«Nadie se da cuenta de que algunas personas gastan una energía tremenda simplemente para ser normales».
-Albert Camus
Queridos(as) lectores(as):
Les pido perdón por el distanciamiento que he tenido. Junio y julio no son meses fáciles para mí, y reconozco que a veces ciertas cosas entorpecen mi proceder con otras. En fin, aquí estamos, listos para un encuentro más. En esta ocasión quisiera hacer un poco de propaganda a la intención de auto-conocernos. Sin embargo, ¿de qué manera podemos hacerlo sin caer en la auto-mentira en el proceso? Siempre hemos escuchado aquello que dice «no te engañes», pero también el «no te mientas». Y no, no es lo mismo. El engaño es, por decirlo de alguna manera, aceptar un hecho determinado a pesar de la evidencia contraria, mientras que la mentira es un intento, una vil herramienta para buscar caer o que caigan en el engaño. Dicho de otro modo, la mentira es el paso previo al engaño. Vamos a trabajar con esto más adelante.

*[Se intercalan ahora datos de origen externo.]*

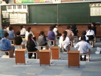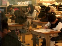 6年生は外国語の学習で,注目した外国について調べ,英文にまとめました。各自が注目した国について,タブレット端末を使って検索し,ワークブックの基本英文(下記)の空欄部分に英単語を書いて,英文を完成させていました。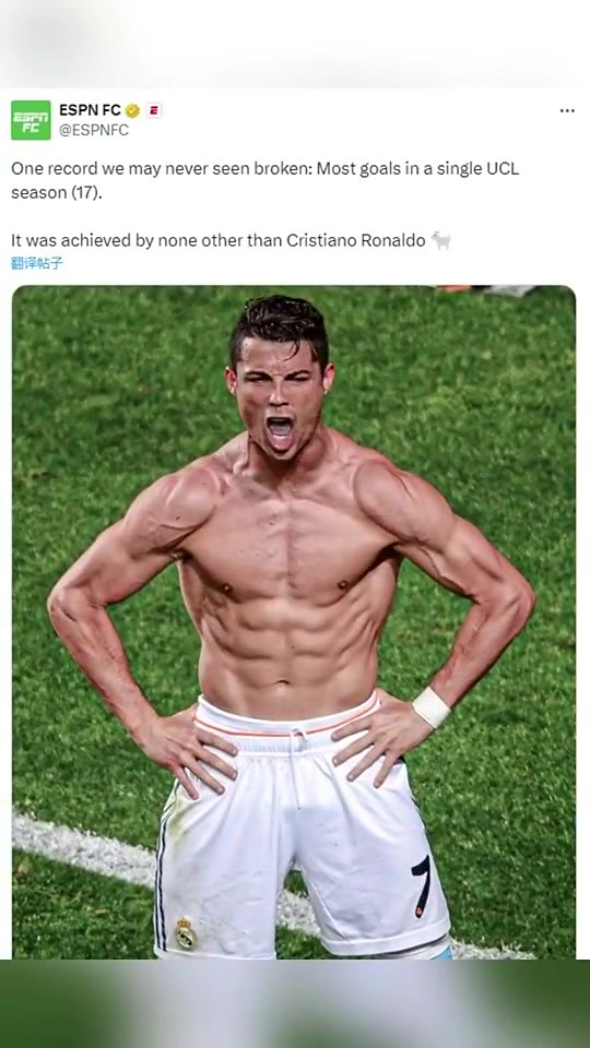 ESPN:C罗这一项记录可能永远不会被打破,单个欧冠赛季17个进球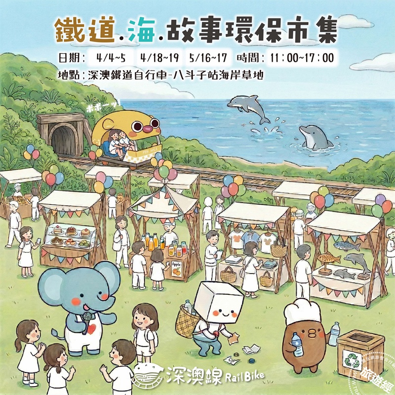 「深澳鐵道自行車」(Rail Bike)自轉型以來,成功將昔日的廢棄軌道活化為充滿生命力的觀光廊帶,自推出後,深受國內外遊客喜愛,今年邁入深耕在地的第7年,為深化綠色旅遊與地方共好的理念,營運廠商規劃於4月與5月於精選週末,在八斗子站旁的海岸草地舉辦「鐵道.海.故事」環保市集。活動舉行日分別為:4月4日、4月5日、4月18日、4月19日、5月16日、5月17日登場,6個場次時間於每日上午11時至下午5時舉行。透過這場融合自然景觀、減塑行動與文創能量的盛會,期盼帶領民眾在全臺最美海岸線旁,與家人、孩童及寵物共同實踐純粹的永續生活。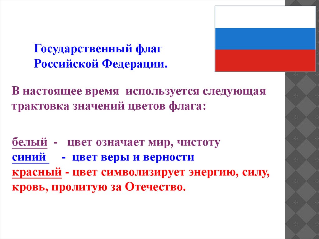 трактовка значений цветов флага: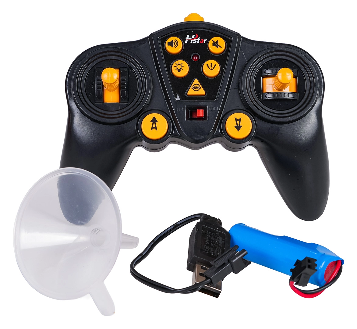 - Mașină de pompieri, telecomandă 2,4 GHz, acumulator 3,7 V, cablu de încărcare USB, pipetă pentru apă
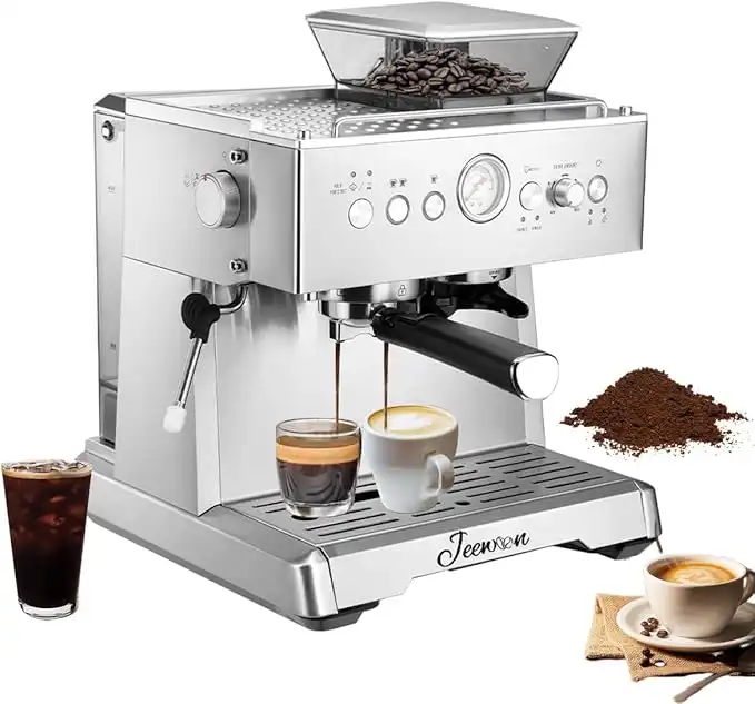 amazon.aeAutomatic Coffee Machine, Espresso Machine, Coffee Machine with Grinder, 20 Bar Pressure Semi-Automatic Espresso Coffee Machine with Steam Wand, Cappuccino Machine for Latte, Macchiato

En las últimas semanas he sido testigo directo de varios casos muy interesantes donde se juegan ambas realidades de maneras muy inconscientes o bastante conscientes. ¿Pero que se logra con ello? En uno de esos casos escuché un «así soy y se aguantan». Es curiosa la manera agresiva en la que se exige que nadie se meta con uno. En ese particular momento justo caí en cuenta de la frase de Camus con la que empezamos el encuentro. Lo que el filósofo francés-argelino plantea es bastante oportuno; comenzando con aquello de «normales», nos obligamos a pensar «según quién, según qué». En un encuentro mucho muy anterior a este ya hemos abordado aquello de lo normal desde lo esfuerzos de Michel Foucault. Lo interesante en todo esto es que justamente por intentar ser «normal» (lo que otros aprueban) terminamos por tener una terca idea de despreciar nuestra propia identidad, cayendo en la necesidad de querer encajar con los demás. Una conducta bastante infantil que remota al deseo de pertenencia.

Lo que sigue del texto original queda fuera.